1. a kind of preparation method of the nano enzyme based on people's ferritin, which is characterized in that using people's ferritin as fusion partner, by mesh Mark enzyme is placed in its N-terminal and carries out amalgamation and expression, and connection peptide is inserted between target enzyme and people's ferritin.

2. preparation method according to claim 1, which is characterized in that include the following steps：Human cloning ferritin and target enzyme Gene, splicing obtain people's ferritin-connection peptide-target enzyme antigen-4 fusion protein gene, and construction recombination plasmid converts escherichia coli host Bacterium, screening obtain engineered strain, culturing engineering bacterium, the expression of induction people ferritin-connection peptide-target enzyme fusion proteins, through nickel Ion affinity chromatography purifies, and separation obtains people's ferritin-connection peptide-target enzyme fusion proteins.

3. according to any preparation method of claims 1 or 2, which is characterized in that the target enzyme is hydrolase.

4. preparation method according to claim 3, which is characterized in that the hydrolase is Methyl Parathion Hydrolase or large intestine Bacillus alkaline phosphatase.

5. the nano enzyme being prepared by any one of Claims 1 to 4 preparation method, which is characterized in that the nano enzyme For fusion protein, target enzyme, connection peptide and people's ferritin are followed successively by from N-terminal to C-terminal.

6. nano enzyme according to claim 5, which is characterized in that the amino acid sequence of the fusion protein is SEQ ID NO:1~SEQ ID NO:Any bar in 2.
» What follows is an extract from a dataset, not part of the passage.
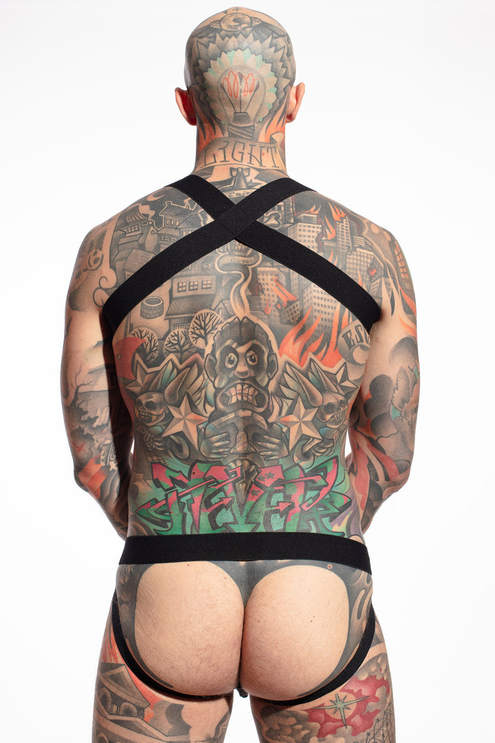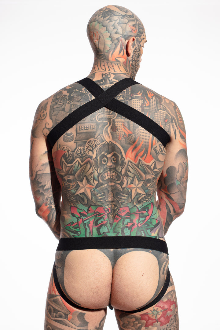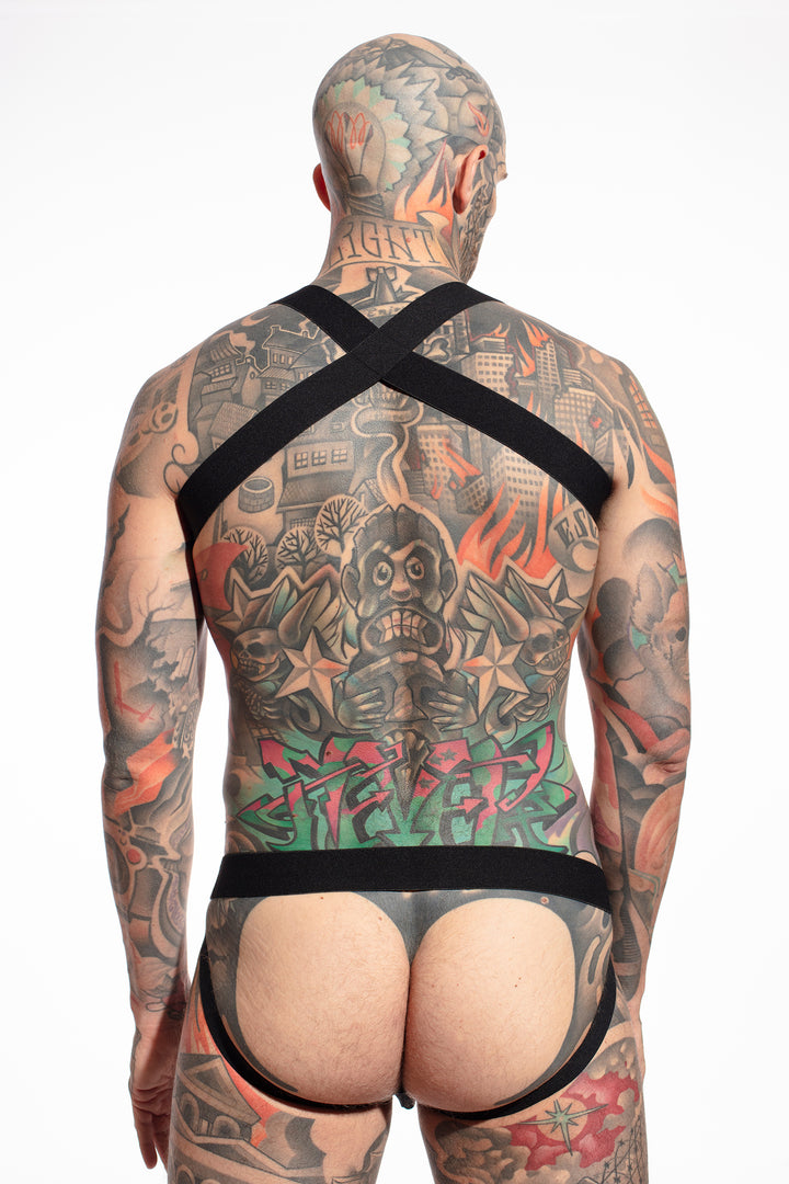 Available in sizes S–XXL (jock) and S/M or L/XL (harness) for a striking fit that holds nothing back.

7. the fusion of nano enzyme described in a kind of coding claim 6, which is characterized in that the nucleotide of the fusion Sequence is SEQ ID NO:3~SEQ ID NO:Any bar in 4.
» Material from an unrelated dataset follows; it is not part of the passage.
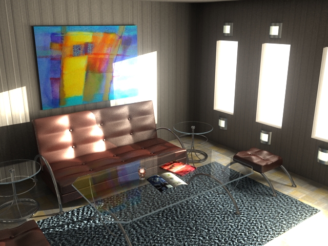 Saludos Mental rayados, si os parece bien podríamos ir poniendo aquí renders de este fantástico motor, llegar al fondo y ver realmente que tiempos se le pueden sacar, como tratar los materiales, luces etc. En otro hilo ya me han terminado de dar el empujón para abrir este mensaje, he cogido una escena del hilo de Yafray y aquí va, es lo primero que he podido sacarle, yendo directamente a bajar tiempos.

8. a kind of expression vector containing nucleic acid described in claim 7, which is characterized in that the expression vector is pET28a- MPH-rHF or pET28a-EAP-rHF.
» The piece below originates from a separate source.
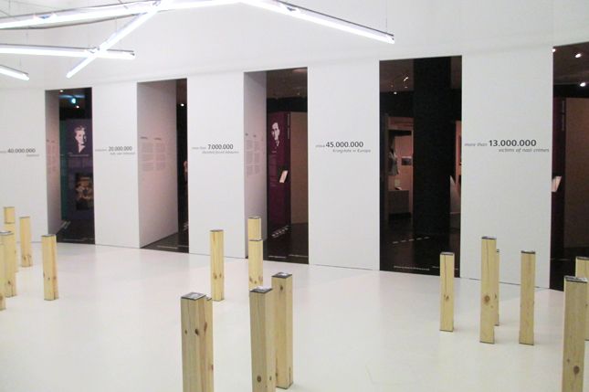 Перший зал зустрічає "постмодерністською" інсталяцією - стовпчики, а на стінах - цифри, сумний підсумок до 1945-го: 13 млн жертв нацистських злочинів, 7 млн визволених примусових працівників, 400 тис. визволених з концтаборів. Скільки ж людей у результаті війни стали жертвами комуністичних злодіянь, скільки стали рабами сталінського ГУЛагу - цієї статистики немає.

9. a kind of host strain containing expression vector described in claim 8, which is characterized in that the host strain isE. coli BL21（DE3）OrE. coli BL21（DE3）PLysS competent cells.

10. a kind of preparation hydrolyzed for degrading organic phosphor pesticides or catalytic phosphatase monoesters, which is characterized in that the preparation includes The fusion described in nano enzyme, claim 7, expression vector according to any one of claims 8 or right described in claim 6 are wanted Seek the host strain described in 9.